When should you script a scene? #dnd

Scripting in D&D can be summarized as the creation of text used to set the scene and action for a group of players, or to progress or discover additional plot data.  You can use script blocks when describing the beginning of a battle or an area that the players have just entered into, this is commonly refereed to as ‘Flavor Text’.  Scripting is also very often used when developing a plot line, such as:

The burning village glowed a hellish red against the stormy night sky, plumes of grey smoke adding to the already turbulent sky.  A crash of thunder crackled through the night and a flash of lightning illuminated a solitary figure standing in the road.  With a groan the figure falls to the ground near your feet, their clothes still smoking from the inferno.  In a whistle of breath from burned, cracked lips they gasp out “O-orcs…” and extends a trembling hand clutching a scrap of bright blue cloth.

So, now we know that the village was burned by orcs who wore a blue uniform, and it’s up to the party to hunt them down.  Now, again, that is just one example of scripting and in this instance it is used properly.  Now and improper use of scripting would be using your DM storyteller powers for evil, such as those fantastic moments in action and sci-fi moves where the villain is engrossed in their monologue and the protagonist just stands there and listens.  That is improper scripting.  Unless your players are actually powerless, never make it seem like they cannot interact with a scene.  If you get stopped in the middle of your Emmy-worthy diatribe about how evil this awful person is because your wizard throws a fireball at their head, well that’s what happens.  Roll initiative.

Now there are also times when you want to make something cinematic and only flavor text will let you do it.  That’s fine too, just be careful not to deus ex the game by forcing your players to sit through something like a main NPC being killed or a ritual coming to fruition.  Once you’re in the game, it no longer is just a bunch of words, but a living, changing story.  Save your scripting for narratives and landscapes, not boss fights.


~ by darkpatu on September 20, 2011.

3 Responses to “When should you script a scene? #dnd”

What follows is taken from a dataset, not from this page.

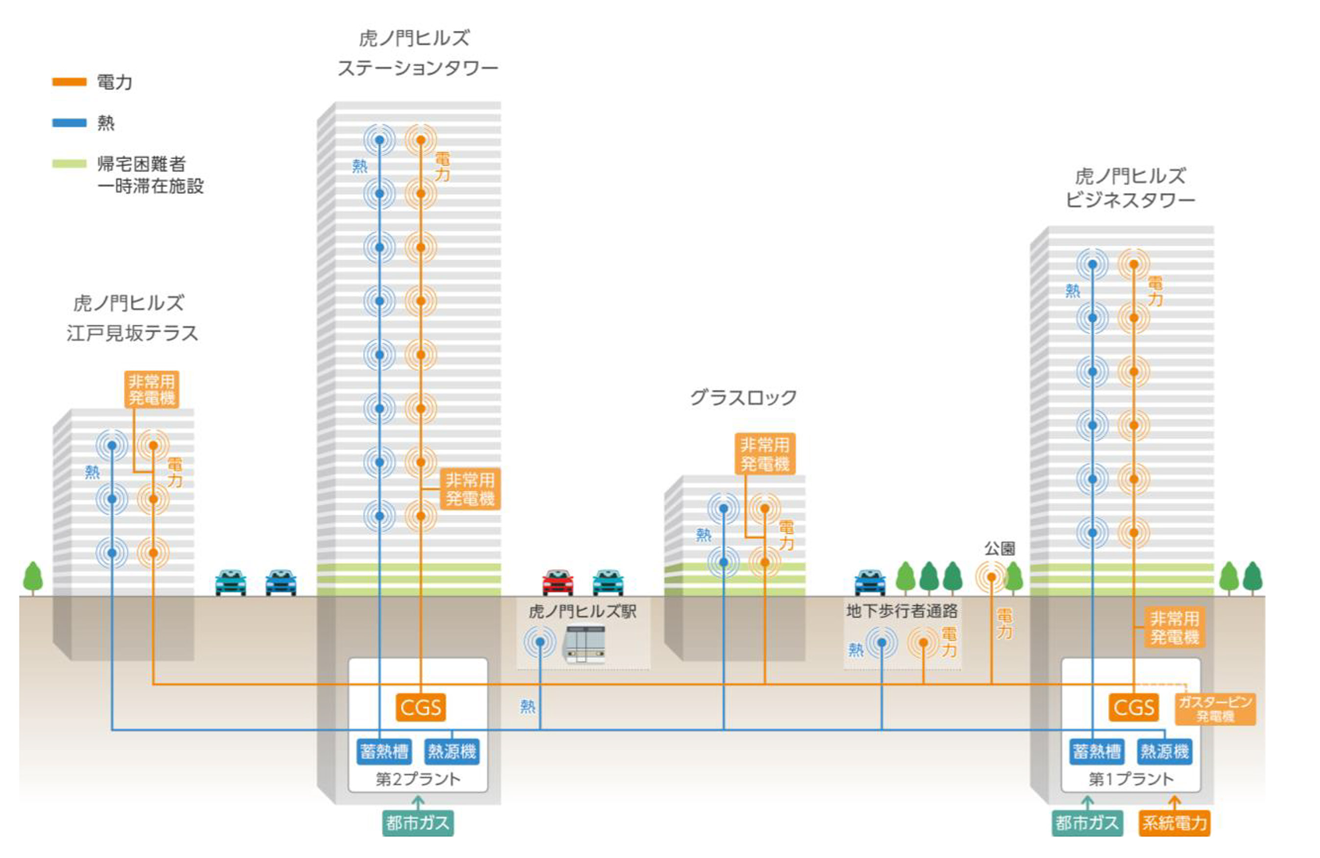 「虎ノ門ヒルズ」では、街全体にエネルギーを供給する高効率エネルギーセンター「虎ノ門エネルギーネットワーク」を開設し、エネルギーの面的供給を行っています。2020年に「ビジネスタワー」の地下に第1プラントを開設し、2023年に「ステーションタワー」の地下に第2プラントを開設予定です。多彩な都市機能を高度に複合させたコンパクトシティで、エネルギー効率の高い各種システムを採用し、エネルギー供給網をネットワーク化して街全体で面的に利用することで、環境効率に優れた都市を実現します。

  1. great blog! thanks for the follow. pipes, scotch and DMing are my 3 favorite things ever. good job.

  2. My very first 3.5 game was ran by a DM, who I felt had nothing but scripted events and the non interacting kind either. It only added to the feeliing that my character was more of a npc than a main character in a story. I have come a few people who are very similar styles. They wonder why people don’t stay long in the campaign…

    • Those kinds of DMs are the worst. you enter the room and see the villain with his sacrifice tied to a table. “You’re too late!” He cries, holding his dagger high. “The stars are aligned and my power shall soon be complete!” He strikes with the dagger and yadda yadda you lose the adventure You could have killed him five times before he did shit the way he was talking. Regrettably some people think this makes the game more ‘dramatic’. In other words ‘the-way-they-want-it-to-go’.